Skip to main content

The Canadian dollar CADUSD steadied against its broadly stronger U.S. counterpart on Friday as domestic data showed an increase in factory sales and investors judged that expected Bank of Canada interest rate cuts have been built into the currency’s outlook.

The loonie was trading nearly unchanged at 1.3740 to the U.S. dollar, or 72.78 U.S. cents, after moving in a range of 1.3728 to 1.3779.

The currency posted a modest weekly gain of 0.2% even after hitting on Tuesday its weakest intraday level in nearly two months at 1.3791.

“I think USD-CAD is still vulnerable to some upside swings out there but it’s not in a hurry,” said Amo Sahota, director at Klarity FX in San Francisco.
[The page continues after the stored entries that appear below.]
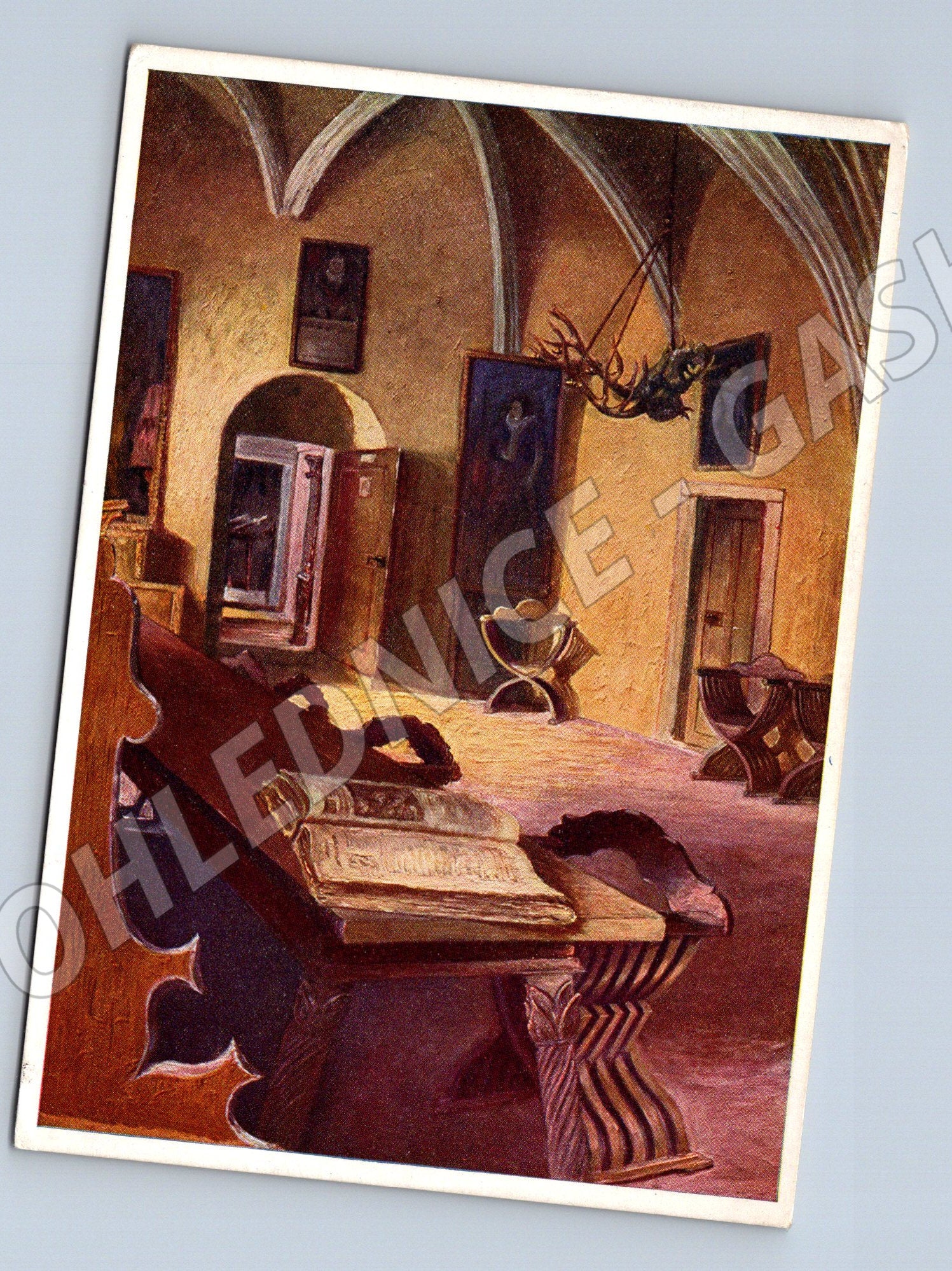 Originální pohlednice zobrazující interiér Rytířského sálu na hradě Buchlov u Uherského Hradiště dle malby V. Pernici. Pohlednice zachycuje historickou výzdobu sálu, včetně obrazu, starožitného nábytku a klenutých stropů. Na zadní straně je text s popisem a místem vydání. Výborný stav, bez popisu a bez známky. Ideální k rozšíření sbírky českých hradů a historických interiérů.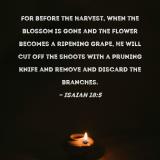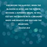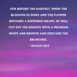 For before the harvest, when the blossom is gone and the flower becomes a ripening grape, He will cut off the shoots with a pruning knife and remove and discard the branches.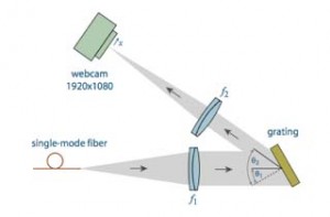 Sticking to their goal of keeping the instrument uncomplicated, Scholten’s team opted for a conventional spectrometer design. “Light from the laser is ‘bent’ by a diffraction grating, i.e., diffracted by some angle where the angle depends on the wavelength. The diffracted light is detected with an imaging sensor; we take advantage of the very high resolution and sensitivity now readily available with inexpensive consumer-grade webcams,” Scholten describes. “We also use a single-mode fiber to couple the laser light into the device — normally a big headache but because the webcam is so sensitive, it is very easy to get enough light through the fiber. The single-mode fiber defines a very small source; we image that source onto the webcam using a couple of good lenses. In combination, the diffracted light becomes a very small spot on the sensor, and with the small pixels we can measure the angle to very high precision.”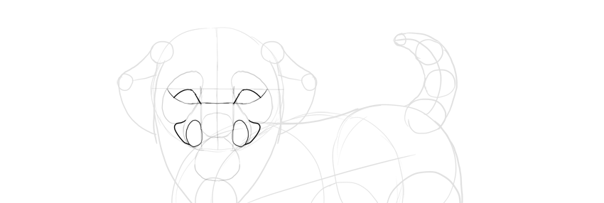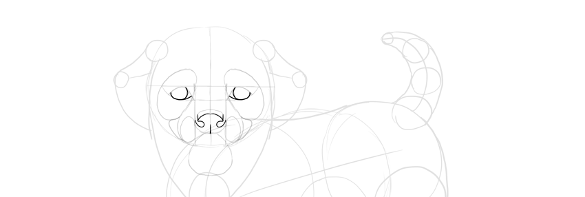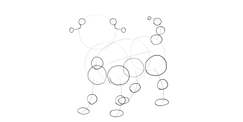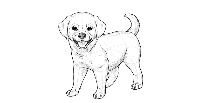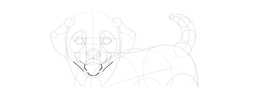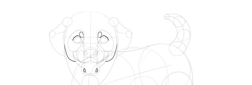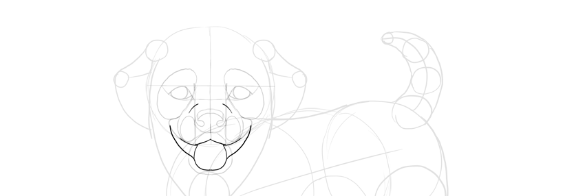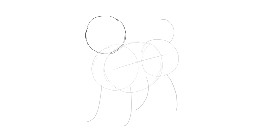 轻轻地勾勒出小狗的身体,画出一系列线条,以在部分(例如躯干和腿部)之间创建自然连接。给爪子一个三角形的尖端,让它们更像狗一样。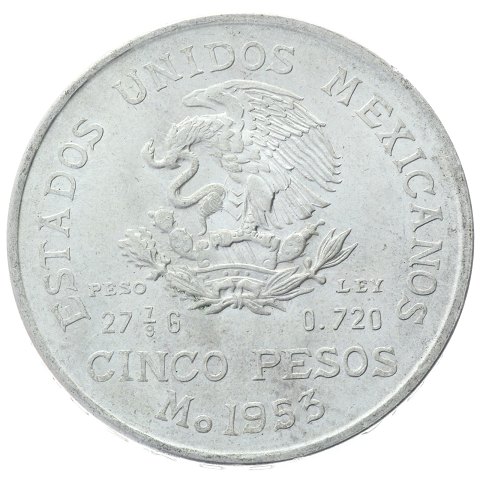 Mexico - 5 Pesos 1953 - Hundredeårsdag for Hidalgos fødsel - sølv - KM# 468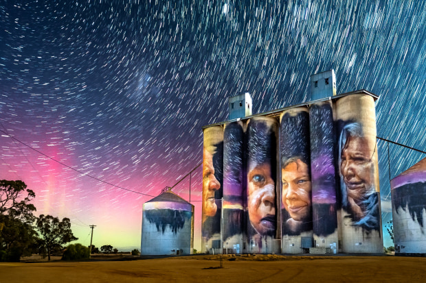 The Aurora Australis glows above Sheep Hill Silos, the star trails mirroring the mural detail, creating harmony between the artwork and the night sky.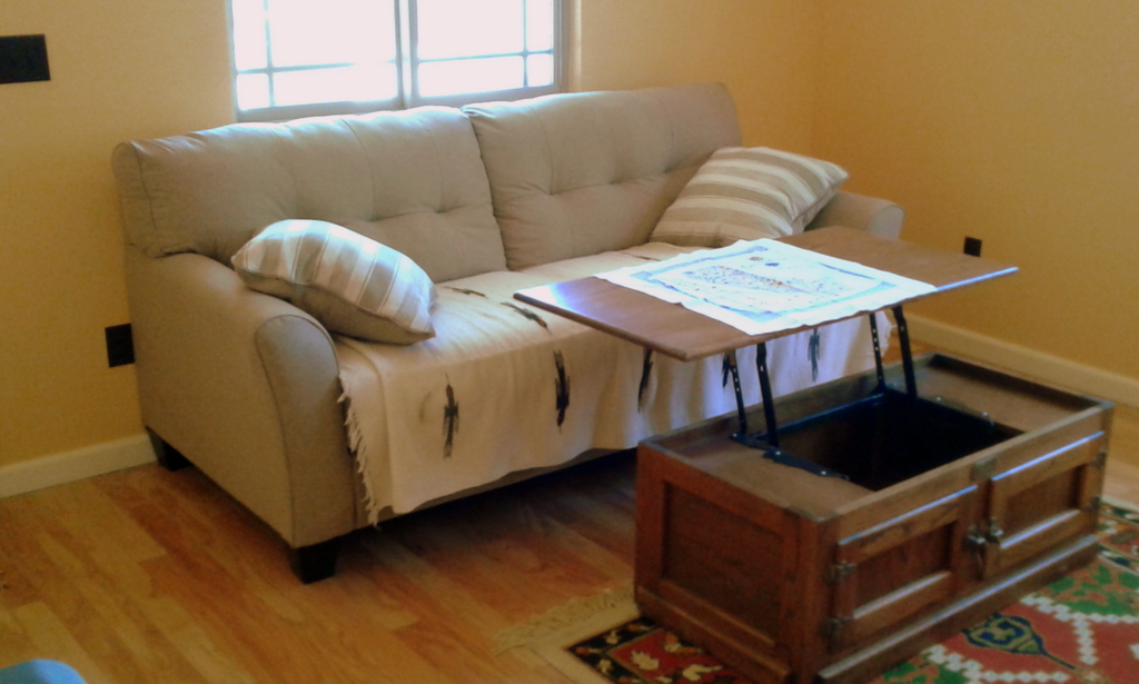 | The coffee table, gift from Julie Schaefer and "Bubba," does a cool trick for dining on the couch. |

“The market is really focused on U.S. (currency) trade flow right now … For Canada, the drivers of expecting lower interest rates – that’s a checked box.”

The U.S. dollar rose against a basket of major currencies as political uncertainty weighed on the euro.
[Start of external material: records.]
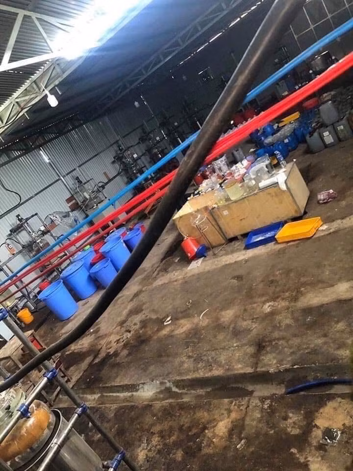 Tại hiện trường, công an thu giữ khoảng 13 tấn hoá chất, tiền chất phục vụ cho sản xuất ma túy, hàng trăm lít dung dịch ma túy tổng hợp cùng nhiều máy móc, dụng cụ dùng để sản xuất ma túy.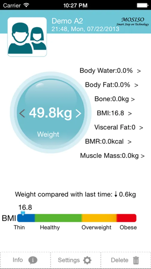 This application allows you to easily monitor essential health and fitness data for: Body Weight, Body Fat Rate, Body Water, Bone Mass, Muscle Mass, BMI, BMR and Visceral Fat. From the graphic displays, you can check changes in health trends.4Uhealth helps all our users stay on track for a healthier lifestyle.
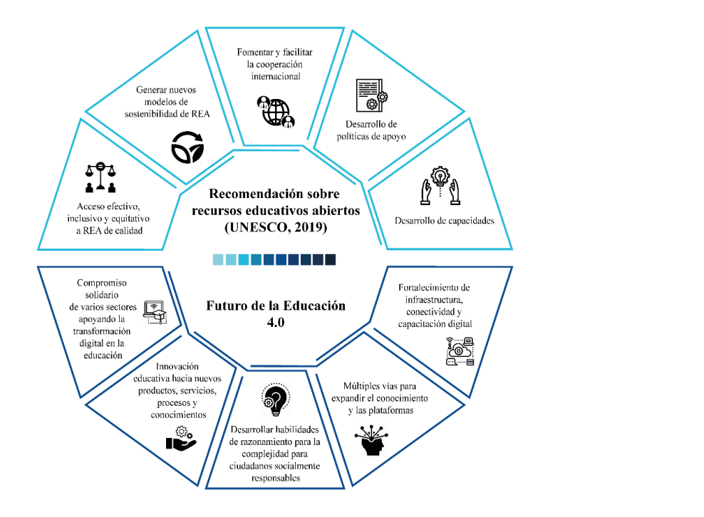 Figura 5. Recomendación sobre recursos educativos abiertos (REA) según la UNESCO, 2019 – Futuro de la Educación 4.0
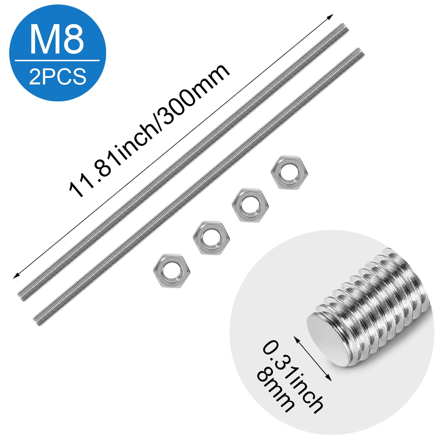 Specification: Diameter: M8;Length: 300mm/11.8 inch;Thread Type: Metric standard;Fully Threaded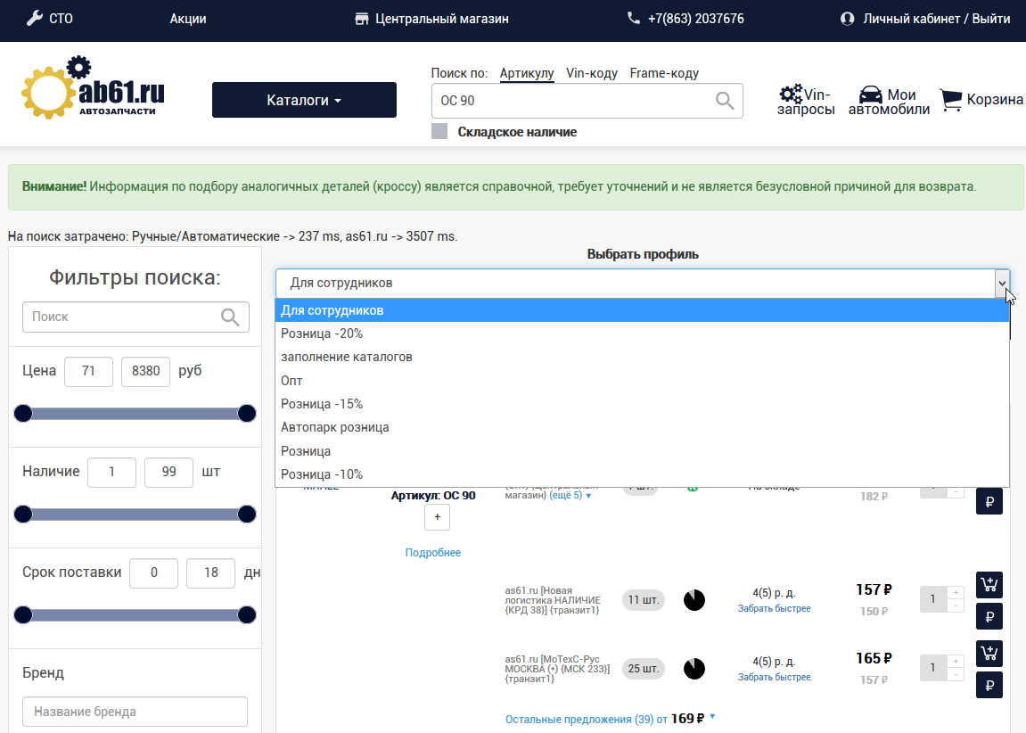 Но в системе есть некоторое количество модулей, которые доступны только пользователям, имеющим соответствующие права (роли). Например, у сотрудников интернет-магазина с соответствующими правами есть возможность сразу при поиске увидеть цену товара для клиента с определённым профилем:

The BoC last week became the first G7 central bank to ease monetary policy, cutting its benchmark rate by 25 basis points to 4.75%.

Money markets expect another rate cut in July but have also moved to price in two rate cuts this year from the Federal Reserve, after recent data showed a cooling in U.S. inflation.
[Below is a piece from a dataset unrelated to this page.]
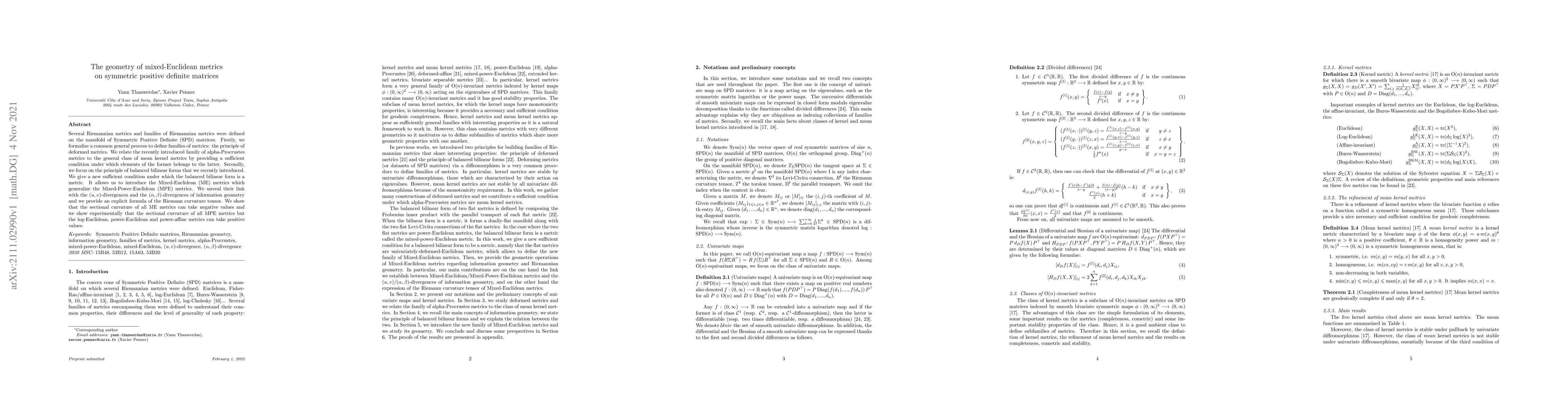 This paper formalizes a general method for defining families of Riemannian metrics on Symmetric Positive Definite matrices, introducing Mixed-Euclidean metrics that generalize Mixed-Power-Euclidean metrics. It also provides conditions for these metrics to be valid and explores their curvature properties.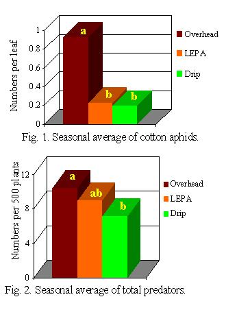 Methodology: Experimental plots of Paymaster 2379RR cotton were planted on May 7, 2002 at the Helms Research Farm located near Halfway, Texas. The experiment had a completely randomized design (CRD) with three treatments and four replications. The three treatments included low energy precision application (LEPA), overhead spray irrigation and drip irrigation. Cotton was planted (approximately 56,000 seeds per acre) in 30-inch rows and 100 lbs of nitrogen per acre was applied through irrigation systems to all treatment plots. Insect pests and predators were sampled at weekly intervals by a vacuum sampling method from June 17 to September 19, 2002. The two-cycle backpack aspirator equipped with a 21.2 cc engine (Model 1612, John W. Hock Company, Gainesville, FL) was used for 30 seconds per plot to vacuum insects from an estimated 500 cotton plants per plot. Cotton aphids were sampled weekly from July 22 to September 26, 2002 by visually inspecting 5 top and 5 bottom leaves from each plot. Cotton aphid data were converted to average numbers per leaf and the predator data were reported as total numbers per 500 plants.

Canadian factory sales grew by 1.1% in April from March on higher sales of motor vehicles, as well as primary metals, Statistics Canada said. Separate data for April showed wholesale trade advancing 2.4%.

The price of oil, one of Canada’s major exports, settled 0.2% lower at $78.45 a barrel, giving back some of its weekly gain.

Canadian bond yields fell across a flatter curve. The 10-year was down 4.3 basis points at 3.285% after earlier touching its lowest since Feb. 2 at 3.260%.